| EXERCISE OBJECTIVE |
Every entry below should be copied exactly, minus the pictures.
(DATA FOR THIS EXERCISE begins)
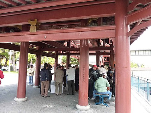 中國城裡的一個小公園裡,擠滿離鄉背井的華人,
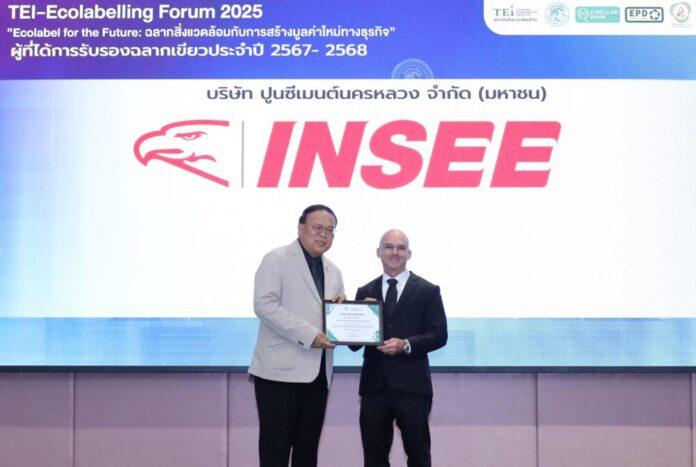 บริษัท ปูนซีเมนต์นครหลวง จำกัด (มหาชน) หรือ ปูนอินทรี โดย เซเรอฟิน บูเจยา รองประธานอาวุโส สายงานกิจการสระบุรี บริษัท ปูนซีเมนต์นครหลวง จำกัด (มหาชน) รับมอบเกียรติบัตรการรับรองฉลากเขียว “ฉลากสิ่งแวดล้อมกับการสร้างมูลค่าใหม่ทางธุรกิจ” (Ecolabel for the Future) จากสถาบันสิ่งแวดล้อมไทย (TEI) ในงาน TEI-Ecolabelling Forum 2025 โดยมี ดร.วิจารย์ สิมาฉายา ผู้อำนวยการสถาบันสิ่งแวดล้อมไทย เป็นผู้มอบ ณ สถาบันสิ่งแวดล้อมไทย (TEI)
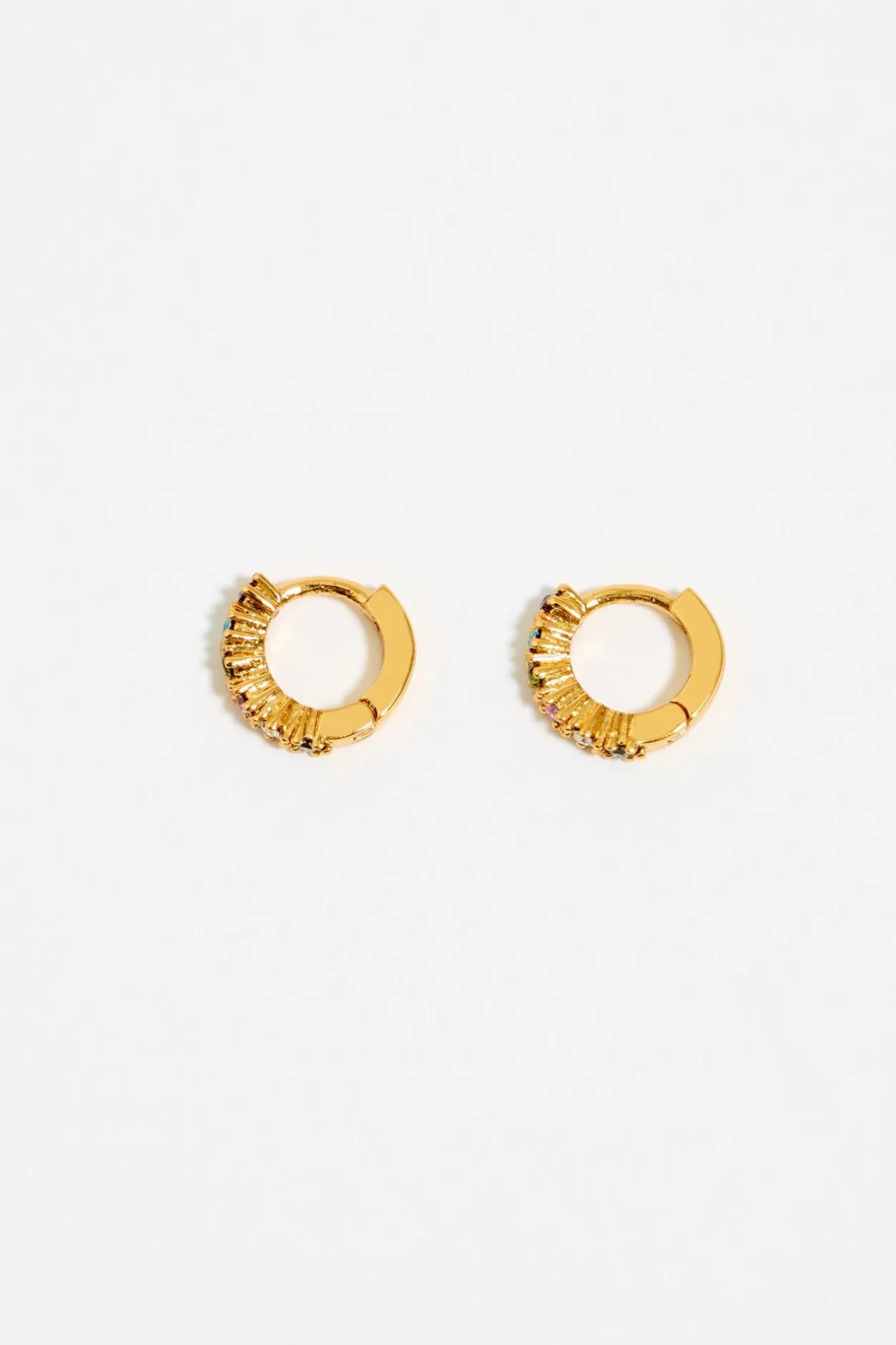 Pendientes De Aro Mini Dorados Con Cristales Engarzados En Color Multipastel Personalizados Con El Logo Grabado. Modelo Con Cierre De Gancho.
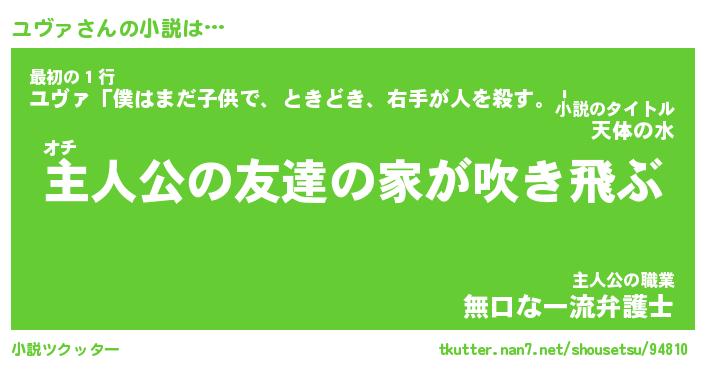 | 男性向けラノベタイトル風あだ名 | 『ユヴァの憂鬱』 |
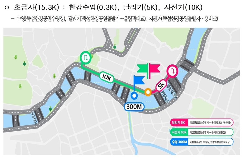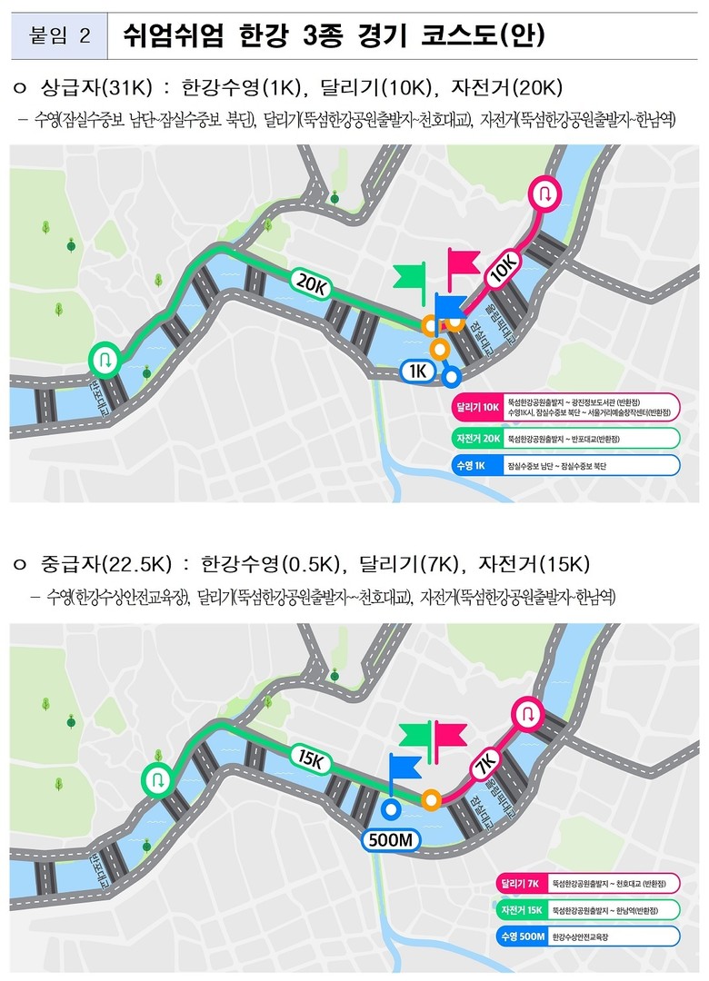 3종 경기 코스는 운동이 익숙하지 않은 초급자부터 숙련된 동호인까지 모두 참여할 수 있도록 구성했다. 특히 중급자 코스를 새롭게 도입함으로써, 보다 많은 시민이 자신의 속도에 맞게 완주의 즐거움을 경험할 수 있도록 했다.
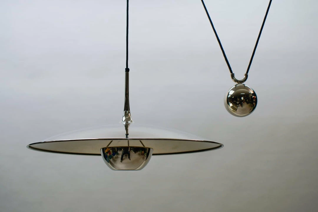 Very nice and extremely rare height-adjustable pendulum lamp from the 1970s.
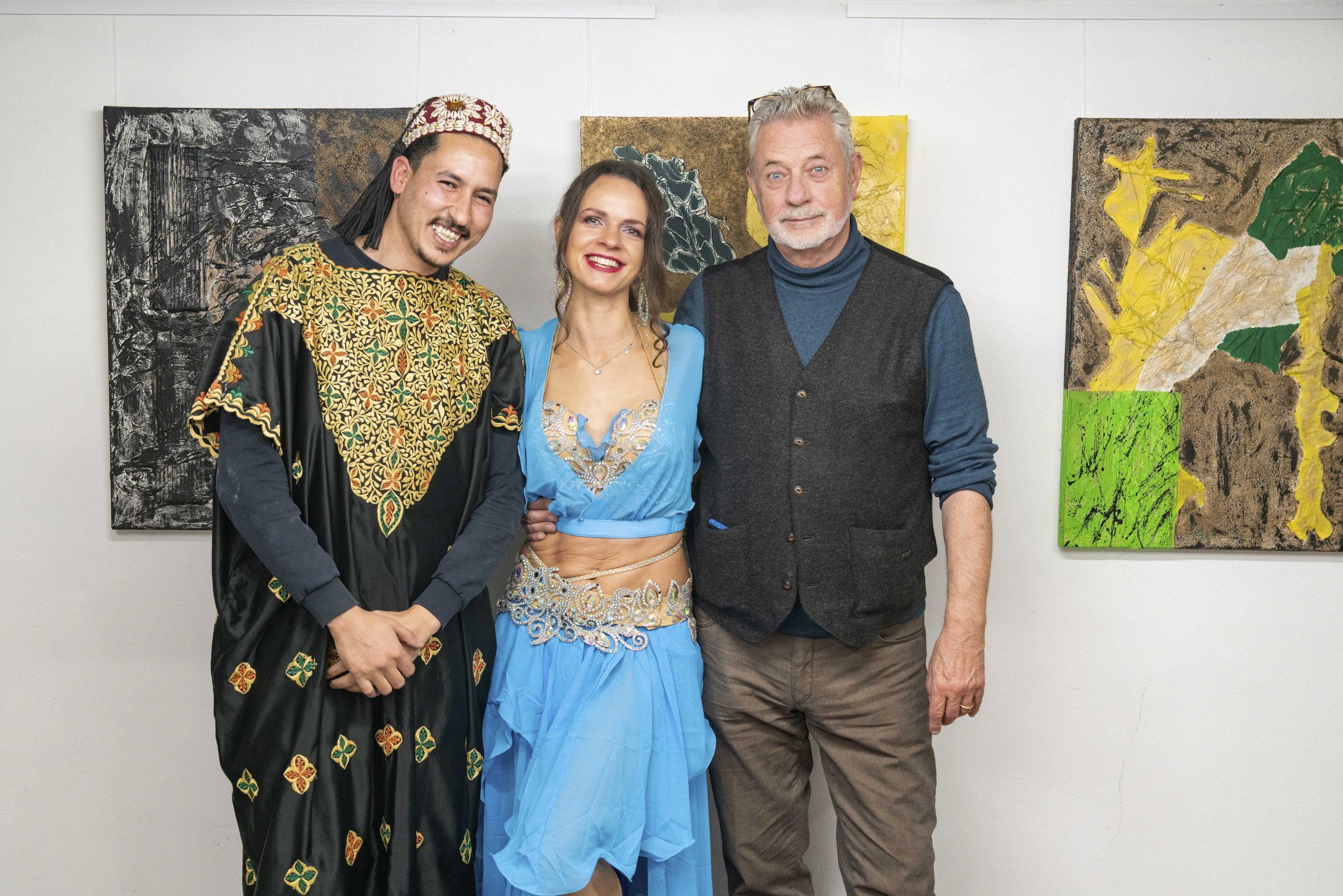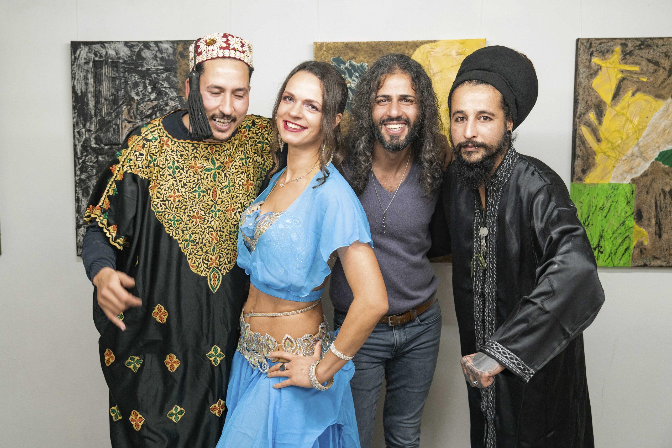 Die Eröffnung der Ausstellung wurde durch eine musikalisch-tänzerische Performance der Tänzerin Maria und des nordafrikanischen Musikers Ali Badaou begleitet.
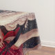 Years ago I got a matching runner from elsewhere and was so thrilled to find this same pattern offered as a tablecloth. The material is very high quality and it is well-constructed. Also it got here just in time for my party tomorrow! Would buy from this seller again. Colors are very sharp. It’s perfect. Well done
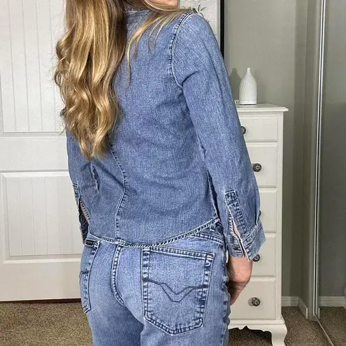Blue Koret denim button-up shirt with ruffled collar and lace details Size 6 - $25 - From Carly
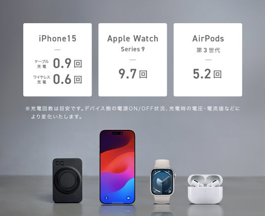 3種のAppleデバイスを必要な分、ちょうど良く充電出来る5,000mAhを搭載。
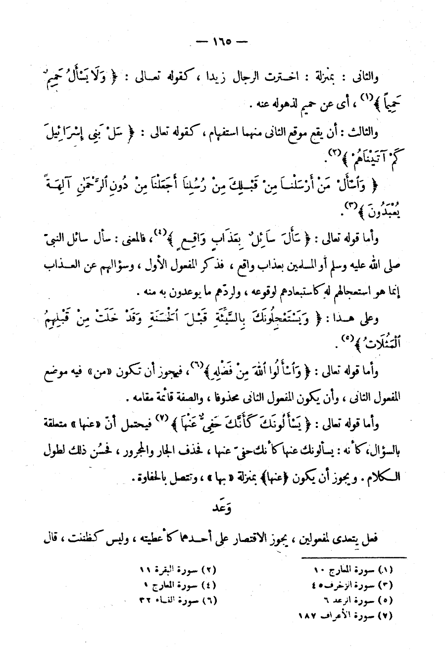 وَأَمَّا قَوْلُهُ تَعَالَى: {سَأَلَ سَائِلٌ بِعَذَابٍ وَاقِعٍ} ، فالمعنىسأل: سَائِلٌ النَّبِيَّ صَلَّى اللَّهُ عَلَيْهِ وَسَلَّمَ أَوِ الْمُسْلِمِينَ بِعَذَابٍ وَاقِعٍ فَذَكَرَ الْمَفْعُولَ الْأَوَّلَ وَسُؤَالُهُمْ عَنِ الْعَذَابِ إِنَّمَا هُوَ اسْتِعْجَالُهُمْ لَهُ كَاسْتِبْعَادِهِمْ لِوُقُوعِهِ وَلِرَدِّهِمْ مَا يُوعَدُونَ بِهِ مِنْهُ
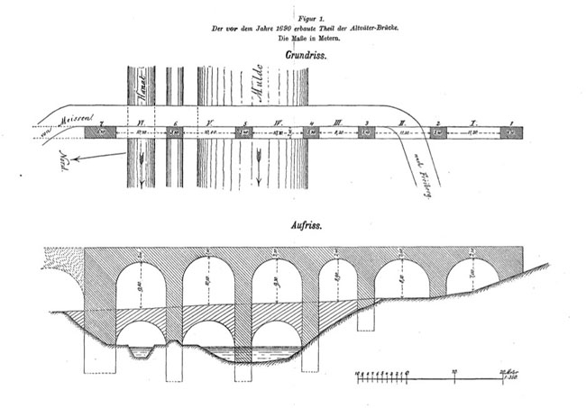 ![]() Vielleicht das letzte Bilddokument vor ihrer Sprengung: Blick vom rechten Muldeufer nach Südosten auf die Altväterbrücke. Foto: Paul Schulz, vor 1895.
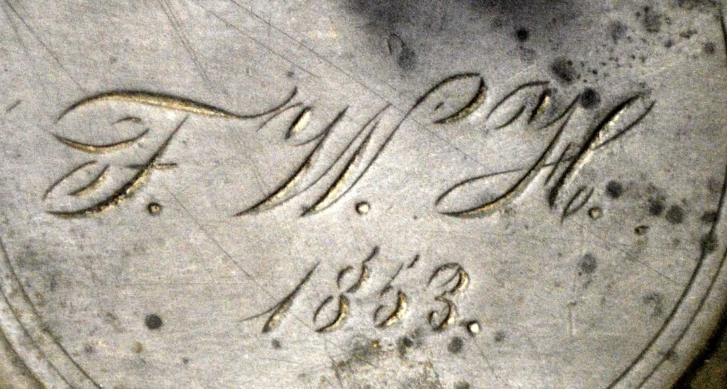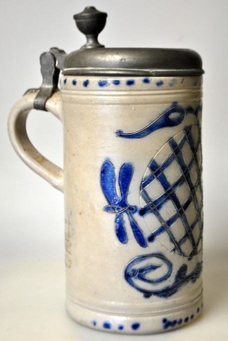Deutscher Westenwälder Krug, 1853, Steinzeug, graue Salzglasur. Mit manganvioletten Verzierungen. Mit Zinndeckel und -ausguss. Graviert: FWH 1853. Höhe: 23 cm.
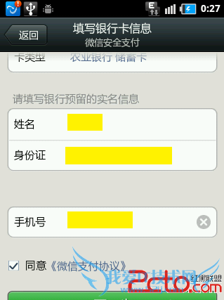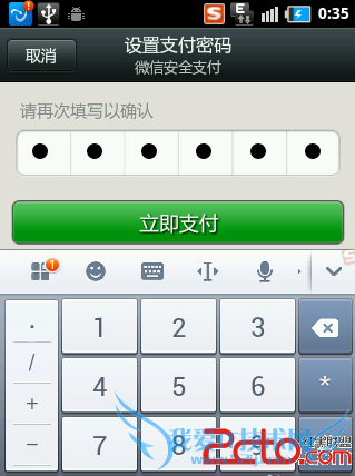 接着我们需要设置支付密码信息。输入完成后,就完成了微信与账户信息的绑定。以后就可以利用该服务实现在线支付的功能啦。
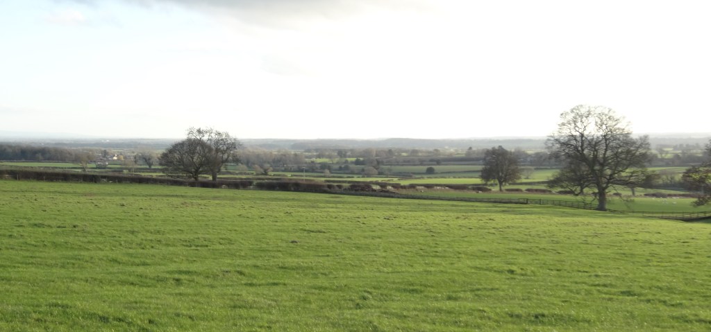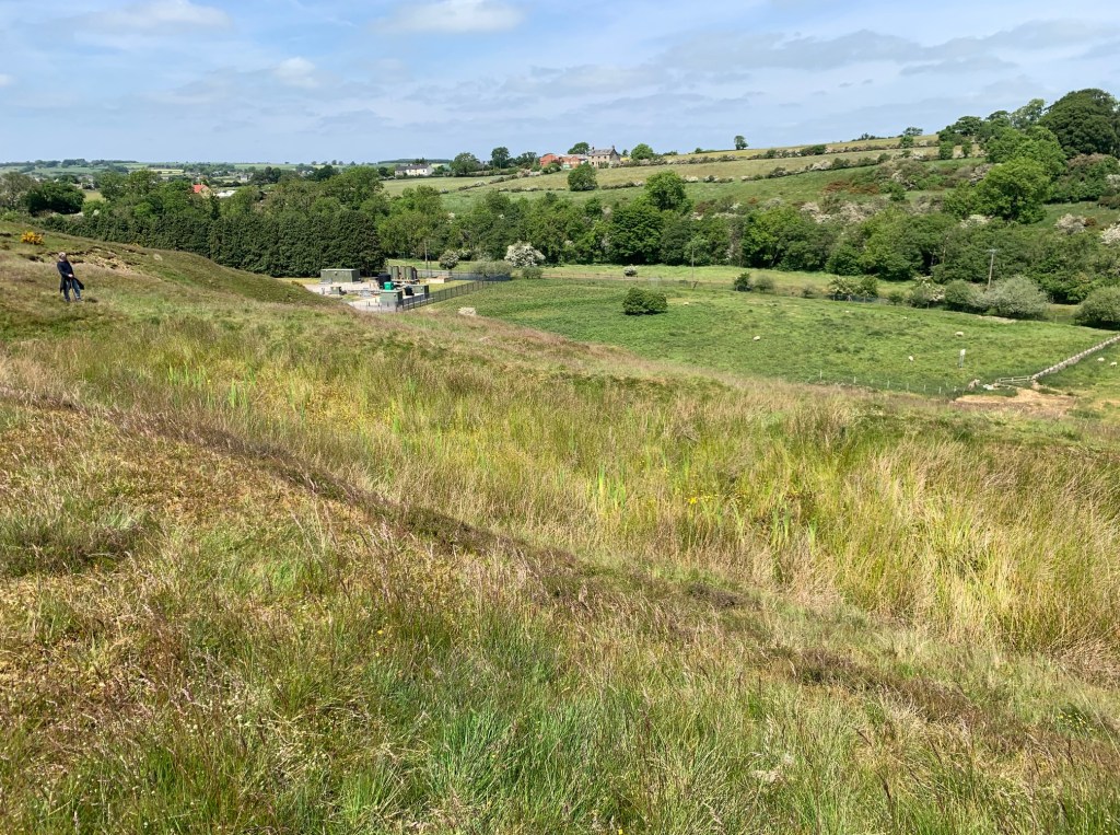 Above: 2025: The view northwards from Alwent Hall looking up to the Keverstone ridgeline. The proposed waggon way would have run down the hill side to the east of Low Keverstone Farm, to the right of the white farm building to the mid-left of the photo.
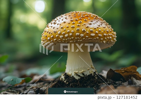 Golden Mushroom in Forest Setting with Detailed Cap Texture
(DATA FOR THIS EXERCISE ends)
| SOLUTION |
 中國城裡的一個小公園裡,擠滿離鄉背井的華人,
 บริษัท ปูนซีเมนต์นครหลวง จำกัด (มหาชน) หรือ ปูนอินทรี โดย เซเรอฟิน บูเจยา รองประธานอาวุโส สายงานกิจการสระบุรี บริษัท ปูนซีเมนต์นครหลวง จำกัด (มหาชน) รับมอบเกียรติบัตรการรับรองฉลากเขียว “ฉลากสิ่งแวดล้อมกับการสร้างมูลค่าใหม่ทางธุรกิจ” (Ecolabel for the Future) จากสถาบันสิ่งแวดล้อมไทย (TEI) ในงาน TEI-Ecolabelling Forum 2025 โดยมี ดร.วิจารย์ สิมาฉายา ผู้อำนวยการสถาบันสิ่งแวดล้อมไทย เป็นผู้มอบ ณ สถาบันสิ่งแวดล้อมไทย (TEI)
 Pendientes De Aro Mini Dorados Con Cristales Engarzados En Color Multipastel Personalizados Con El Logo Grabado. Modelo Con Cierre De Gancho.
 | 男性向けラノベタイトル風あだ名 | 『ユヴァの憂鬱』 |
 3종 경기 코스는 운동이 익숙하지 않은 초급자부터 숙련된 동호인까지 모두 참여할 수 있도록 구성했다. 특히 중급자 코스를 새롭게 도입함으로써, 보다 많은 시민이 자신의 속도에 맞게 완주의 즐거움을 경험할 수 있도록 했다.
 Very nice and extremely rare height-adjustable pendulum lamp from the 1970s.
 Die Eröffnung der Ausstellung wurde durch eine musikalisch-tänzerische Performance der Tänzerin Maria und des nordafrikanischen Musikers Ali Badaou begleitet.
 Years ago I got a matching runner from elsewhere and was so thrilled to find this same pattern offered as a tablecloth. The material is very high quality and it is well-constructed. Also it got here just in time for my party tomorrow! Would buy from this seller again. Colors are very sharp. It’s perfect. Well done
Blue Koret denim button-up shirt with ruffled collar and lace details Size 6 - $25 - From Carly
 3種のAppleデバイスを必要な分、ちょうど良く充電出来る5,000mAhを搭載。
 وَأَمَّا قَوْلُهُ تَعَالَى: {سَأَلَ سَائِلٌ بِعَذَابٍ وَاقِعٍ} ، فالمعنىسأل: سَائِلٌ النَّبِيَّ صَلَّى اللَّهُ عَلَيْهِ وَسَلَّمَ أَوِ الْمُسْلِمِينَ بِعَذَابٍ وَاقِعٍ فَذَكَرَ الْمَفْعُولَ الْأَوَّلَ وَسُؤَالُهُمْ عَنِ الْعَذَابِ إِنَّمَا هُوَ اسْتِعْجَالُهُمْ لَهُ كَاسْتِبْعَادِهِمْ لِوُقُوعِهِ وَلِرَدِّهِمْ مَا يُوعَدُونَ بِهِ مِنْهُ
 ![]() Vielleicht das letzte Bilddokument vor ihrer Sprengung: Blick vom rechten Muldeufer nach Südosten auf die Altväterbrücke. Foto: Paul Schulz, vor 1895.
Deutscher Westenwälder Krug, 1853, Steinzeug, graue Salzglasur. Mit manganvioletten Verzierungen. Mit Zinndeckel und -ausguss. Graviert: FWH 1853. Höhe: 23 cm.
 接着我们需要设置支付密码信息。输入完成后,就完成了微信与账户信息的绑定。以后就可以利用该服务实现在线支付的功能啦。
 Above: 2025: The view northwards from Alwent Hall looking up to the Keverstone ridgeline. The proposed waggon way would have run down the hill side to the east of Low Keverstone Farm, to the right of the white farm building to the mid-left of the photo.
 Golden Mushroom in Forest Setting with Detailed Cap Texture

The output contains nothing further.